How Not To Memorialize A Tragedy

How do you build a memorial to a tragedy? How can you properly commemorate human deaths while also creating something enticing enough to draw spectators? New York is struggling with this problem at Ground Zero, of course, and Christopher Knight has spotted a textbook example of what not to do: Berlin’s new Holocaust memorial. “Your mind knows that the place is supposed to confuse and disorient. It creates a theatrical sense of slowly enveloping claustrophobia and entrapment, meant to parallel the rising tide of Nazism 70 years ago. But you never feel it in your body. Walking among the tombstone-like shafts, there is no sense of threat. Menace is absent. Absurdity begins to loom.”

Creating An African-American Building

Baltimore’s new Reginald F. Lewis Museum of Maryland African American History and Culture was a long time coming, and organizers struggled to insure that their vision would stand out from the crowd. “The architects’ challenge was to create a building that fits into the urban context but stands out enough to convey how unusual it is. They responded with a boldly modern building that makes the most of its tight but prominent site. Then they imbued the building with layers of meaning that help tell what’s inside. The design doesn’t make literal references to African architecture. Its strength lies in the use of architectural symbolism – through colors, forms and materials – to create a building that avoids cliches but is undeniably African-American in spirit.”

Record Price For Francis Bacon

A Francis Bacon painting has sold at auction for £4.9 million, “a new record for the artist.
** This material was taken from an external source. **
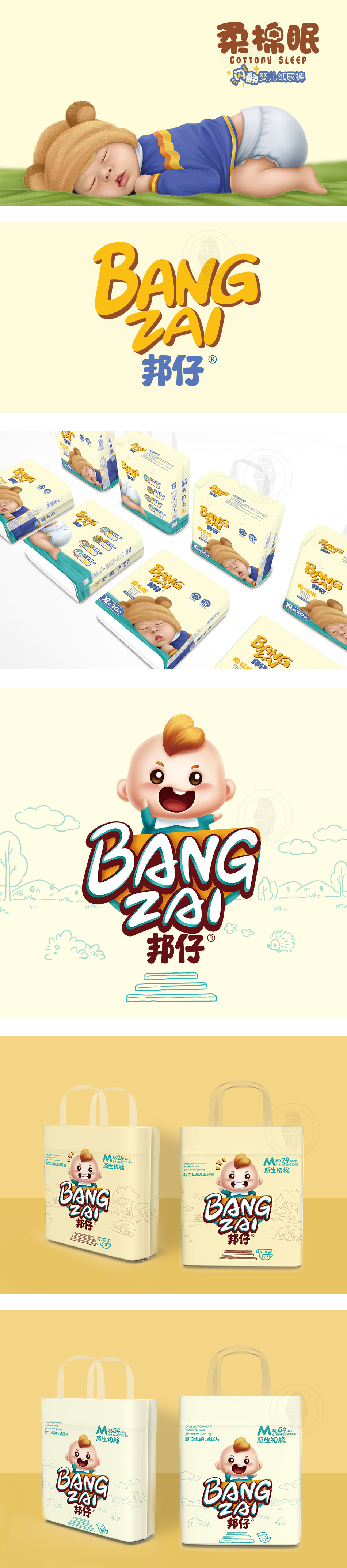 服務方案:通過對邦仔品牌理念滲透,塑造一個優質健康的嬰童幫護品牌形象,注重產品形象及終端物料設計,配套提升全品牌產品及視覺系統的質感和應用性,更貼合當前市場需求。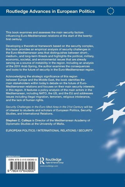 This book examines and assesses the main security factors influencing Euro-Mediterranean relations at the start of the twenty-first century. Developing a theoretical framework based on the security complex, this book provides an empirical analysis of security challenges in the Euro-Mediterranean area that distinguishes between short, medium and long-term threats and highlights the political, military, economic, societal and environmental issues that are already serving as a source of instability in the region. Including analysis of the 2011 Arab Spring, the author examines the consequences and looks to the future of security in the Euro-Mediterranean region. Acknowledging the strategic significance of this region between Europe and the Middle East, the book identifies the main stakeholders within today's debate on the future of Euro-Mediterranean relations and focuses on their main security interests in this region. It features a policy analysis of the main actors in the Mediterranean, including NATO, the United States, and the European Union and addresses issues including illegal migration, terrorism, religious intolerance and the lack of human rights Security Challenges in the Euro-Med Area in the 21st Century be of interest to students and scholars of European Politics, Security Studies and International Relations.

Portrait of George Dyer Staring into a Mirror reached the price at a Post-War and Contemporary Art auction by Christie’s on Thursday. The 1967 painting, sold to a private collector from Europe, had only been expected to sell for up to £3.5m.”

Art In Musical Terms

There is a relationship, but does one describe the other? “The notion was to take the novelty of abstract art, so radical before World War I that it could hardly be imagined, and justify it by comparison to music. If a Beethoven string quartet could be understood and admired on its own terms, without imagining that it painted a sonic picture of the world, visual art should have the same freedom to escape from rendering reality. The notes and timbres and structures of music could be compared to the colors and textures and forms of a painting; a talented artist could assemble them into a visual “composition” every bit as affecting, meaningful and praiseworthy as anything that goes on in a fancy concert hall.”

Iraq Joins “Most-Endangered” List

For the first time, the World Monuments Fund has listed an entire country as endangered. It’s Iraq, and the country joins other threatened sites from 55 countries that include a Modernist building in New York and a hut in Antarctica. “The list of 100 at-risk sites, issued by the privately financed World Monuments Fund every two years, is chosen from nominations made by a broad array of experts in archeology and the arts.”

UK Court Rules Hamilton Photos “Indecent”

A British court has ruled that photographer David Hamilton’s “multi-million-selling images of young, naked women and girls are officially branded as indecent in a landmark British ruling. Anyone owning one of his coffee-table books now risks being arrested for possession of indecent photographs, following a ruling at Guildford Crown Court.
Hamilton’s photographs have long been at the forefront of the ‘is it art or pornography?’ debate.

After Two Years Of Looting Iraqi Art…

“Archaeological sites in southern Iraq have been systematically looted for more than two years, but experts say the dig will have to go much deeper to find out where thousands of lost artefacts have ended up. The complete lack of knowledge is devastating. One article said that a billion Iraqi dinars worth of artefacts had been smuggled to Syria, but that’s absurd. We just don’t know what’s gone.”

Manhattan’s Misguided Stadium Plan

Why did anyone ever think building a stadium in Manhattan was a good idea, asks Ada Louise Huxtable. “A stadium should never–repeat, never–be built on the midtown Manhattan waterfront; this is a flagrant violation of everything we know about urban land use. It is axiomatic that you do not put industrial-size blockbusters in uniquely desirable locations; they destroy an enormous potential for profit and pleasure while denying access to one of the city’s most valuable amenities. Located next to the convention center, the stadium would have doubled the mass and length of the huge bunker against the river already established by that “lump of black coal”–as essayist Phillip Lopate described its dark bulk in his literary trip around the edges of Manhattan–cutting off views and access with nearly a mile of hulking wall.”

Dissecting The Guggenheim’s Empire

The Guggenheim continues its expansionist appetite. But former board member Peter Lewis says there is more to expansion than met the eye. “In speeches, it was, ‘We’re the museum of the future.’ It was sold that sort of way,” he says. In fact it was driven by the need for revenue. “The rationale always was, ‘We had a nongenerous, noncontributing set of trustees–therefore we had to have other sources of revenue and capital–that’s why we must expand. It’s not the Guggenheim–it’s the Guggenheim merchandising the Bilbao effect.”